Today is our wedding anniversary. It’s really hard to believe that we’ve been married for 19 years. It just doesn’t feel like our wedding was that far in the past.
We met in January 2006, had our first date in February, and got engaged in October. We didn’t start planning the wedding right away because I just wanted to enjoy being engaged before adding the stress of wedding plans.
Wedding plans began in earnest in February 2007 and were really quite easy once we decided on a venue. We had a friend from Mexico who recommended Hotel Lagunita in Yelapa, Mexico as a popular place to get married. We knew that most of our friends and family would be flying to the wedding and most had already been to visit San Francisco, so we figured, as long as people have to fly, let’s all fly to Mexico! Plus, my good friend Amber had gotten married a year earlier, and I had heard all about the financial shenanigans of planning a wedding in the United States. We were able to keep our costs pretty reasonable by having our wedding in another country.
Like I mentioned, the planning was pretty easy. We had some phone calls with Lucas, the American ex-pat who owned the hotel, and the planning went like this:
“Do you want fish or chicken for the wedding dinner?”
“Can we have both?”
“Yes.”
And the dinner planning was finished.
“Do you want a wedding cake? Yes or no?”
“Yes.”
Planning complete.
I can’t remember which one of us came up with the idea of fireworks, but we asked Lucas if it was possible to have fireworks. He said, yes, he could get commercial-grade fireworks for $40 each, so we ordered 10. It was fabulous.
We did some research into the colors of Mexico and came up with grass green, saturated red and bold blue as our wedding colors. My wedding dress was red (custom-made), and Chad wore a green shirt and white pants. My grandmothers couldn’t understand a red wedding dress, but after living in the Bay Area for several years, my skin was so pale that I thought a red dress would be better than a white one, and it was stunning.
So, we started wedding plans in February, sent out save the dates in March, and got married in June, and we saved money along the way. Chad’s friend Brian is a professional photographer, so we paid for his flight and his hotel room and he gave us his photography services as our wedding gift. Chad designed the wedding invitations and got them printed through an online service. Despite the fact that my dress was custom-made, it was cheaper than a traditional wedding dress, and I got to design the exact dress that I wanted, down to the embroidered beading.
We made a CD of music as gifts for our guests, and Chad did a great job of finding dance tracks as well as songs by Mexican and Brazilian artists. It’s still my favorite “mix tape.” We also put together goodie baskets for our guests with things like flashlights, bug spray, and Immodium, you know, the things that come in handy when you’re staying at the beach in Mexico. I also made a “who’s who” of guests so people could learn more about each other. Most of our guests, including our parents, had never met.

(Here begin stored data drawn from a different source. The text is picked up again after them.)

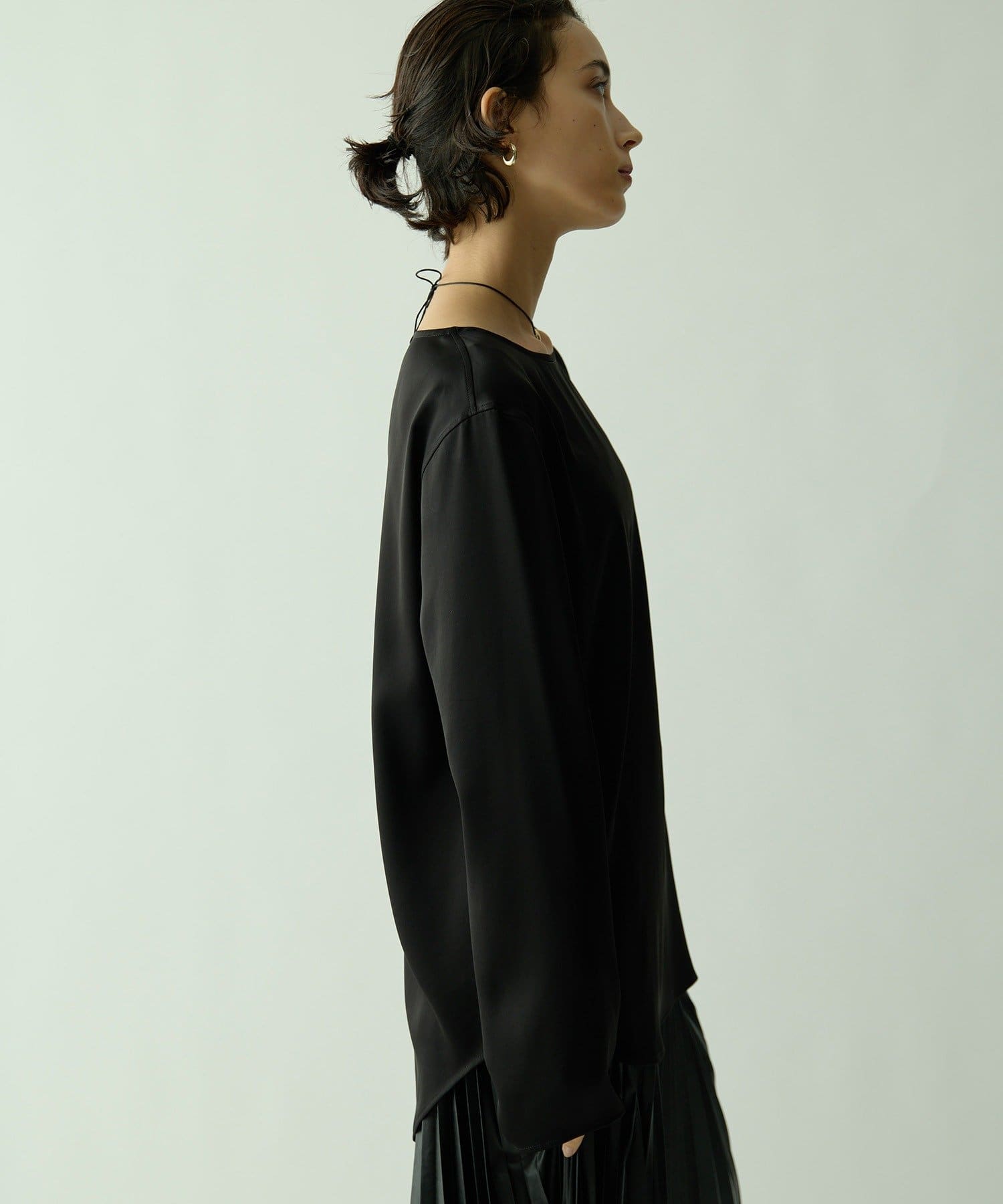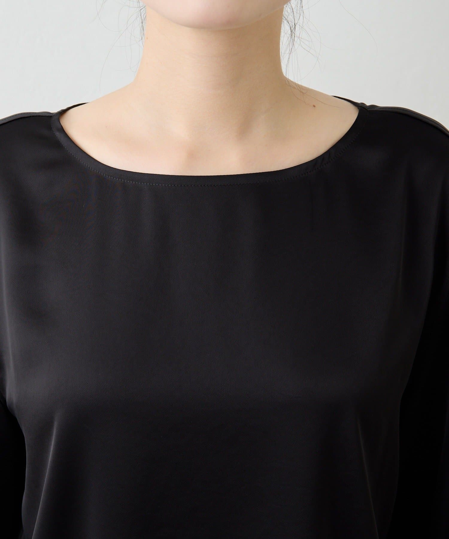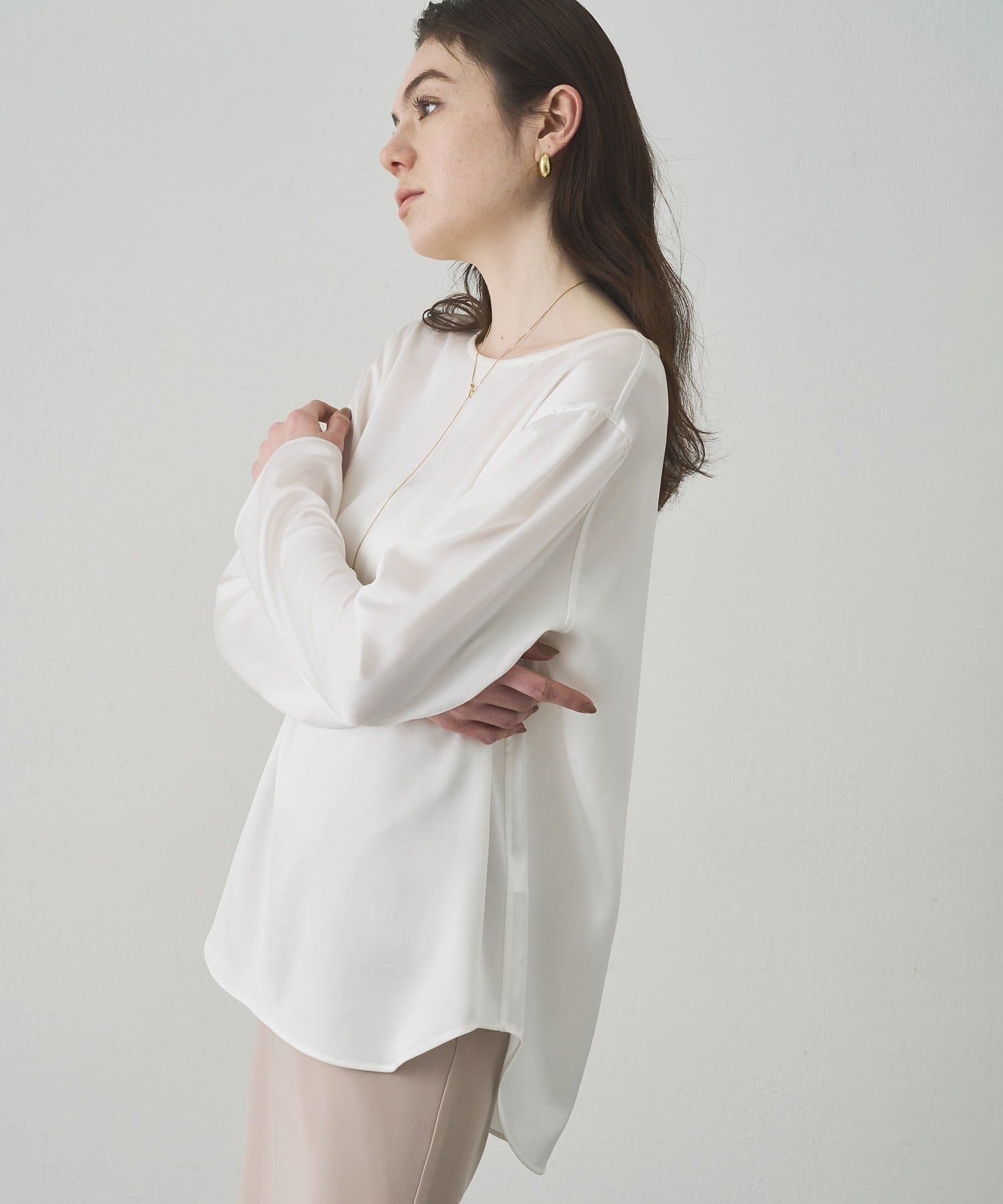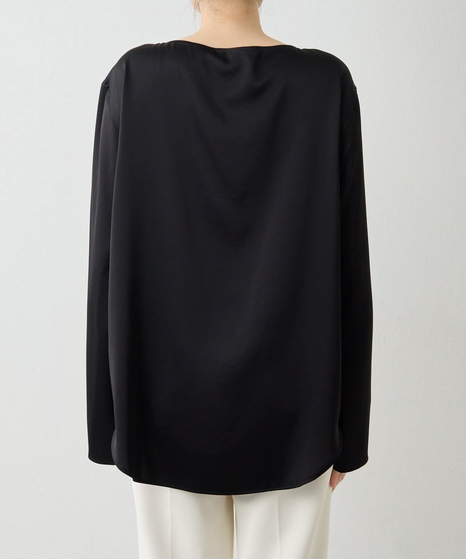 ■シルクライクなサテン生地が上品なプルオーバーブラウス。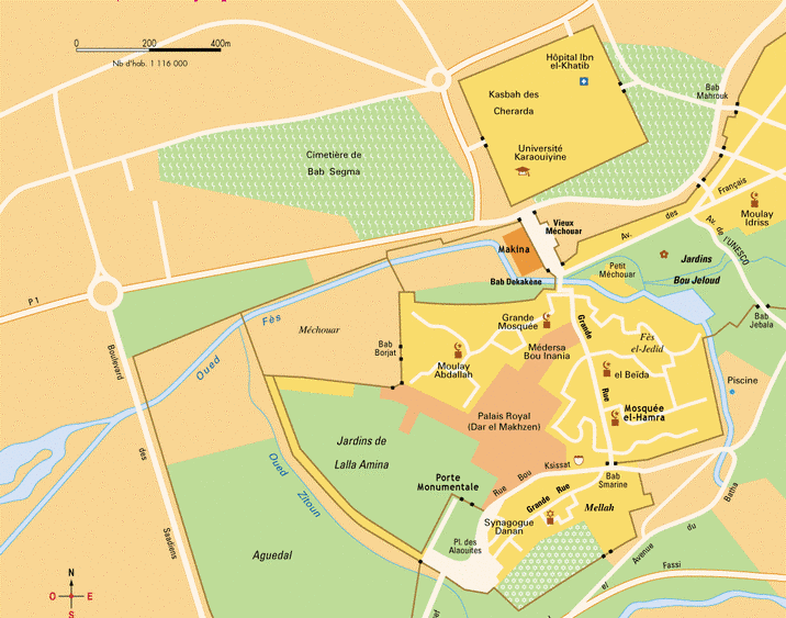 Notre carte montre, de part et d'autre de la vieille ville et de son enceinte percée de portes monumentales, le Jardin de l'Agdal et celui de Boujloud. Deuxième photo : le quartier très typique de Fès-al-Bali, qu'on voit par exemple restitués par Hergé (voir Tintin au Maroc dans "Le crabe aux pinces d'or" bientôt au cinéma).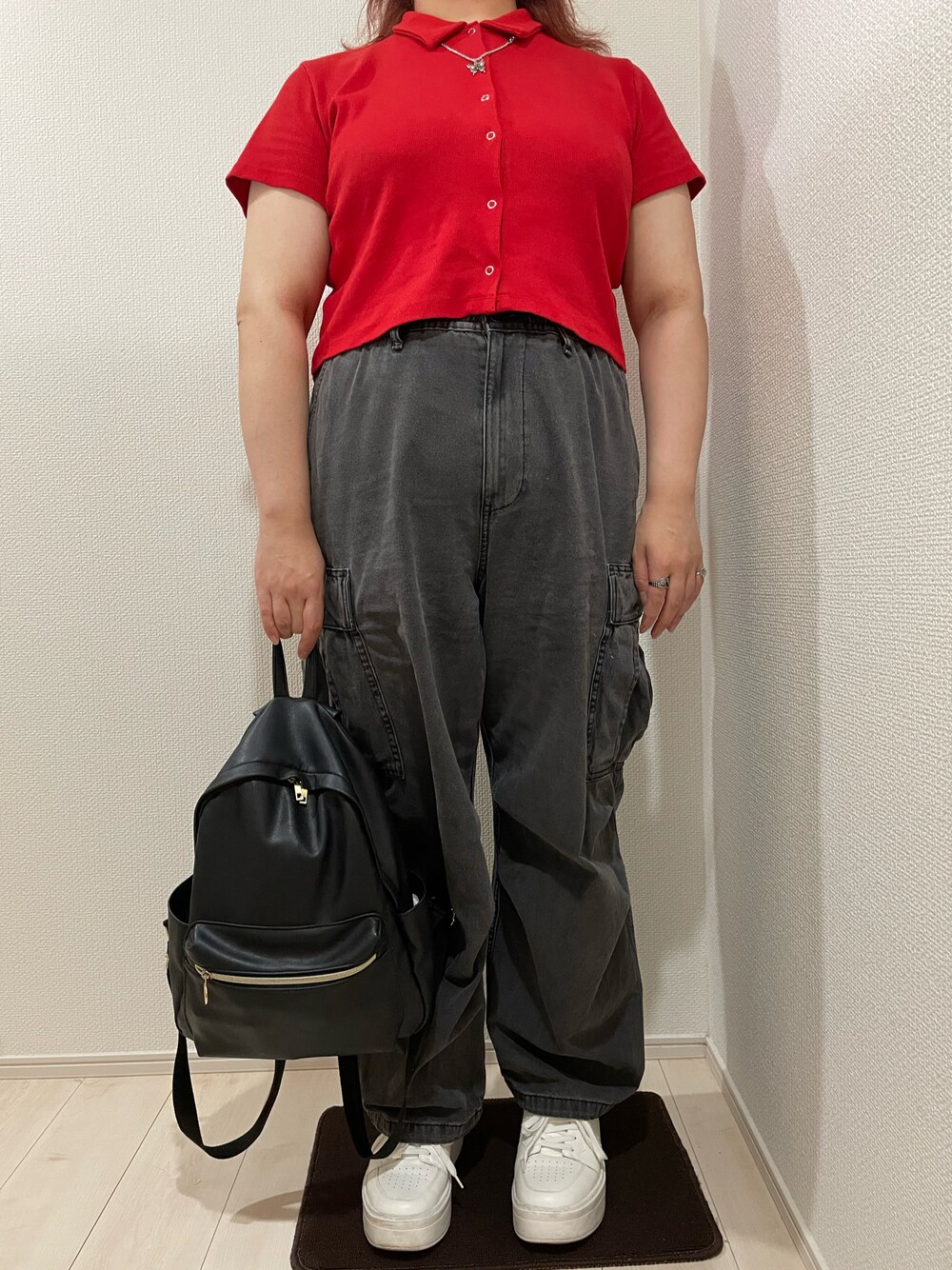 ファンミ2日目行った時のやつ ライブも決まって最高ですね この前同じようなコーデしたな… 赤と黒が好きです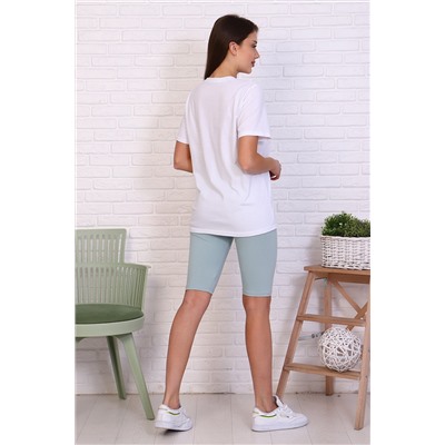 Молодежный костюм футболка и велосипедки. Футболка из кулирки 100% хлопок свободного кроя, стиль oversize, втачным коротким рукавом горловина округлой формы. На полочке изделия принт. Низ рукава и низ изделия подгибка. Велосипедки из кулирки с лайкрой облегающего силуэта без бокового шва. Низ изделия подгибка.

We flew into Puerto Vallarta on Thursday and stayed in a hotel for two nights. On Friday, we met Lucas who took us to a flower shop to order the flowers for the wedding and a couple of other shops to buy things for the gift baskets. We also went to get our marriage blood tests (I don’t think we ever saw the test results) and sat through a mandatory pre-wedding about how wives are equal to husbands. It was strange to us.
Then we went to the courthouse to register the marriage. We met with a judge who married us on the spot, something neither of us was expecting. I was wearing a cute dress, and Chad was wearing shorts and a soccer jersey and I joked to him, “That’s what you wore for our wedding?”
My BFF and my aunt and uncle arrived that afternoon and we all spent the night at the hotel. The next day, most of the rest of our guests flew in and we all boarded a boat for Yelapa. One thing I forgot to mention is that Yelapa is a tiny village on a small bay that is surrounded by mountains and jungle. There are no roads into Yelapa; instead, you have to take a boat 45 minutes down the coast from Puerto Vallarta.
So most of us arrived in Yalapa on Saturday afternoon. We got married on a Tuesday, because I wanted everyone to have a couple of days to get to know each other before the wedding so the ceremony wouldn’t be in front of an audience of strangers. Those extra couple of days were perfect for people to meet each other, and it also gave me and Chad an opportunity to relax and spend time with our guests as opposed to a frenetic American Wedding Day.
All in all, it was the best wedding I’ve ever been to. Highlights include the crabs which came out of the jungle and haunted us for the week, the pig slaughter and pig roast for the rehearsal dinner, the tres leches wedding cake, the coconut shrimp, hanging out at the pool, the blown electrical transformer which killed the power for the whole village, scorpions and fruit bats, and being able to spend several days with some of my favorite people in the whole world.
These happy memories are still vivid in my mind, and this is why I can’t believe it’s been 19 years. We’ve had a lot of adventures since then and are scheming new ones as I write this. I look forward to the next however-many years.